The current private static final, namely 0 x0001 | 0 x0008 | 0 x0010, 0 x001a. Private static final int y = private static final int y = private static final int y = private static final int y

ConstantVulue, the property sheet, is used to assign values to variables with final and static modifications of the basic data type. In addition to the regular base data, the property table ConstantVulue also has a ConstantValue_index index of type U2 that refers to constants in the constant pool used to initialize data. The value between 0x016D and 0x016E is 0x000D, pointing to the value at index 13 of the constant table is integer 20.

In the instance, the variable M and the class variable x are assigned in the member initial function and the class initial function, as explained below.

Method table

Next to the field table is the number of methods and the collection of method tables

The value ranges from 0x016F to 0x0258, and the value is 0x0005. In addition to the example customizable increace(), m(), and Hello (), there are instance constructor ()v, class constructor () methods.

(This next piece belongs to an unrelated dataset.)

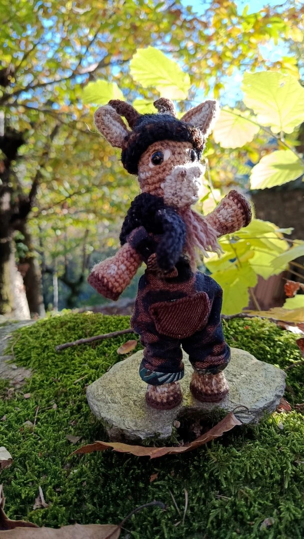 Crocheté à la main dans mon atelier, Petit Bouc Larcin porte fièrement :

Method table structure is as follows:

Pseudo-code {// access flag U2 access_flags; // method name index, pointing to constant U2 name_index of constant pool type CONSTANT_Utf8_info; // The method returns the value descriptor index pointing to the constant U2 descriptor_index of the constant pool type CONSTANT_Utf8_info; U2 attributes_count; // Attribute table contents Info Info; }Copy the code

Methods can also carry property sheets to describe proprietary scenarios. From the above structure and the specific bytecode, you can deduce what the method contains. Where, the meanings of access flags are shown in the table:

Sign the name Flag values meaning
ACC_PUBLIC 0x0001 Whether or not to public
ACC_PRIVATE 0x0002 Whether it is private
ACC_PROTECTED 0x0004 Whether it is protected
ACC_STATIC 0x0008 Whether it is the static
ACC_FINAL 0x0010 Whether it is final
ACC_SYNCHRONIZED 0x0020 Whether it is synchronized
ACC_BRIDGE 0x0040 Is there a compiler generated bridge method
ACC_VARARGS 0x0080 Whether to accept indefinite parameters
ACC_NATIVE 0x0100 Whether it is native
ACC_ABSTRACT 0x0400 Whether it is the abstract
ACC_STRICTFP 0x0800 Whether for strictfp
ACC_SYNTHETIC 0x1000 Is generated automatically by the compiler

Take the instance method () as an example:

Information as follows:

  • Access_flags: 0x0001, public
  • Name_index: 0x000E, is 14, corresponding to the constant pool
  • Descriptor_index: 0x000F, is 15, get ()V for the constant pool
  • Attributes_count: 0x0001 is 1, and the number of attribute tables is 1

Function information can be deduced from the information. The instantiation function is expressed as public ()V, followed by access flag, function name, and return value.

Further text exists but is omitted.